Моторист выключил двигатель, и вельбот Асыколя на веслах медленно подплыл к пузырям.
Носовой стрелок перегнулся через борт, поймал один из пузырей и осторожно потянул. Сначала кожаная бечева шла свободно, потом напряглась. Стрелок потянул сильнее, подергал и, повернувшись назад, с широкой довольной улыбкой сказал:
— Все! Готово!
В море было так тихо, что его слова услышали на всех четырех вельботах. Все сразу же заговорили, заулыбались. Асыколь, повернувшись к Наноку, весело сказал:
— Ну, ученый, не посрамил науку! Молодец!
Подошли остальные вельботы и соединенными силами начали подтягивать кита к поверхности воды.
Буксир прикрепили к хвостовому плавнику. Наконечники гарпунов вырезали вместе с большими кусками маттака.
Заработали моторы, и вельботы потянулись к берегу.
На носу завели примус и поставили варить мясо убитой нерпы.
Настроение у всех было приподнятое. Посыпались воспоминания о разных случаях из китовой охоты, когда разъяренное животное, опрокидывало вельботы, ломало байдары.

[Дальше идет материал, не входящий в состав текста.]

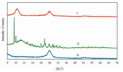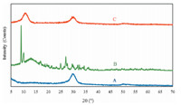 | Figure 2. XRD patterns of: (A) MWCNT-APIB; (B) ZnPOM and (C) [ZnPOM@APIBMWCNT] composite. | |

— Мой отец рассказывал такое, — начал Асыколь, уступив румпель другому охотнику. — Преследовали они кита в проливе. Это было еще до моторов. Выбирали день ветреный, чтобы парусом помогать гребцам. Сколько надо было всадить в кита гарпунов, пуль! Уже день прошел, наступила ночь, а кит все плыл, не сдавался. Хорошо, хоть не уходил далеко от берега, кружил. Когда занялся новый день, морской великан развернулся и изо всех сил ударил байдару. Люди, как мячики, разлетелись по морю. Отцу моему повезло. Он вылетел из байдары вместе с пыхпыхом. Плавать никто не умеет, до берега далеко. Тогда старший, который держался на воде с пыхпыхом, вытащил нож и заколол тех, кто пытался выплыть. Так полагалось, потому что лучше такая смерть, чем долгое мучительное умирание. Он не заметил за плавающими обломками байдары моего отца, тогда еще мальчишку. После всего старший байдары всадил нож в свою грудь и тоже ушел под воду. Страшное это было зрелище. Долго носило отца по морю. Он уже терял сознание и жалел, что байдарный старшина не заметил его, не заколол ножом. Истощенного, без сознания, его подобрали кыгминские эскимосы. Только через год отец вернулся в родной Наукан и рассказал о случившемся. Долгое время в селении его сторонились, потому что он был вроде тех оборотней, в которых превращаются унесенные на льдинах охотники.
Мясо сварилось. Его разложили на чистых лопастях коротких весел, а на примус поставили большой закопченный чайник.
Нерпятина, сваренная в пресной воде, наполовину разведенной забортной, была вкусна и душиста.